Bij uitspraak van 24 januari 2014 heeft de rechtbank het tegen deze uitspraak op bezwaar ingestelde beroep ongegrond verklaard.

1.4.

Het tegen deze uitspraak ingestelde hoger beroep is bij het Hof ingekomen op 3 maart 2014 en aangevuld bij brief van 15 april 2014. De inspecteur heeft een verweerschrift ingediend.

1.5.

Het onderzoek ter zitting heeft plaatsgevonden op 21 januari 2015. Belanghebbende heeft het Hof bij brief van 20 januari 2015 doen berichten dat zij niet ter zitting zal verschijnen; zij heeft bij die brief tevens een pleitnota ingezonden. Van het verhandelde ter zitting is een proces-verbaal opgemaakt dat met deze uitspraak wordt meegezonden.

2 Feiten

2.1.

De rechtbank heeft in haar uitspraak, waarin belanghebbende is aangeduid als ‘eiseres’ en de inspecteur als ‘verweerder’, de navolgende feiten vastgesteld :

“1. Aan eiseres is, na verleend uitstel, een uitnodiging gestuurd om vóór 1 mei 2012 aangifte Vpb over het boekjaar 2010/2011 (de aangifte) te doen. Met dagtekening 24 oktober 2012 heeft verweerder aan eiseres een herinnering gestuurd om aangifte te doen. Hierna heeft eiseres van verweerder een aanmaning ontvangen om alsnog, uiterlijk 18 december 2012, aangifte te doen. In de aanmaning heeft verweerder eiseres erop gewezen dat een boete zal worden opgelegd als de aangifte niet vóór deze datum is ontvangen.

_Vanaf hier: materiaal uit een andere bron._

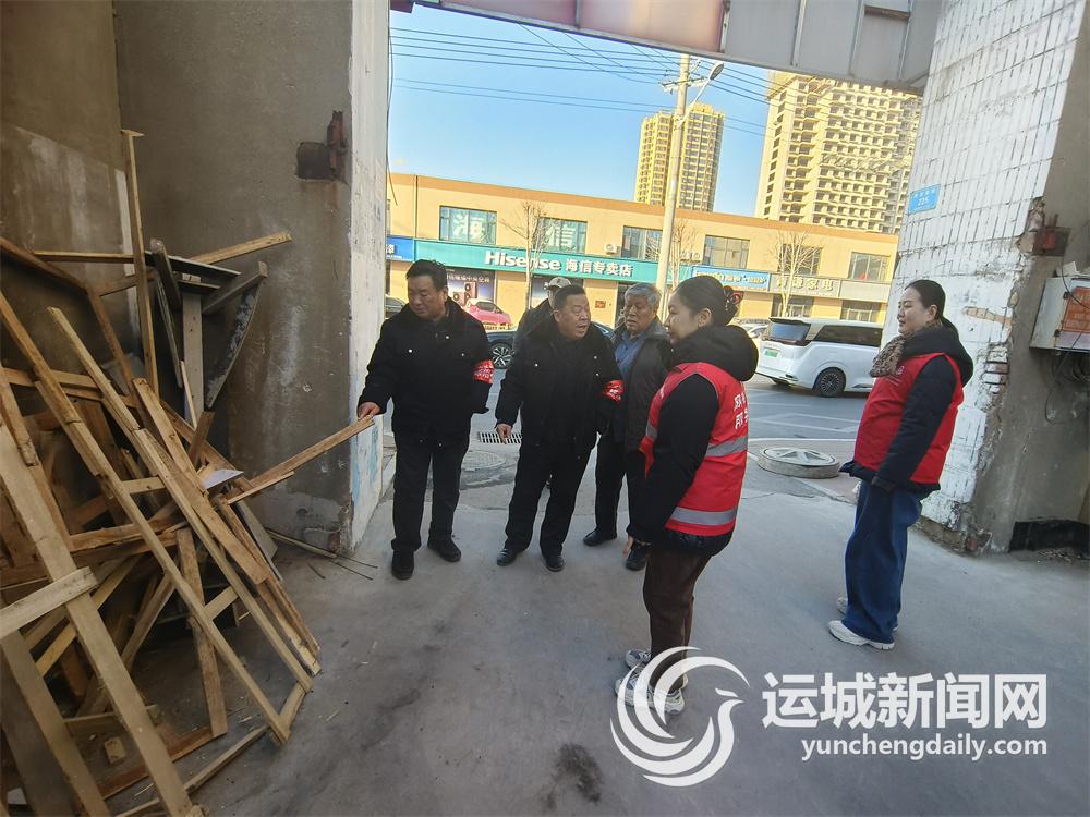 鹽湖區(qū)中城街道西花園社區(qū)“紅袖章”巡邏隊(duì)協(xié)助社區(qū)消除安全隱患。(資料圖片)

2. Verweerder heeft met dagtekening 9 februari 2013 de aanslag ambtshalve vastgesteld. Bij aparte beschikking is aan eiseres een verzuimboete opgelegd van € 2.460.”

2.2.

Nu tegen deze feitenvaststelling door de rechtbank geen bezwaren door partijen zijn ingebracht, gaat ook het Hof van die feiten uit.

3 Geschil in hoger beroep

In hoger beroep is, evenals in eerste aanleg, in geschil of de onderhavige verzuimboete terecht en tot het juiste bedrag is opgelegd.

Partijen doen hun standpunten steunen op de gronden welke door hen zijn aangevoerd in de van hen afkomstige stukken.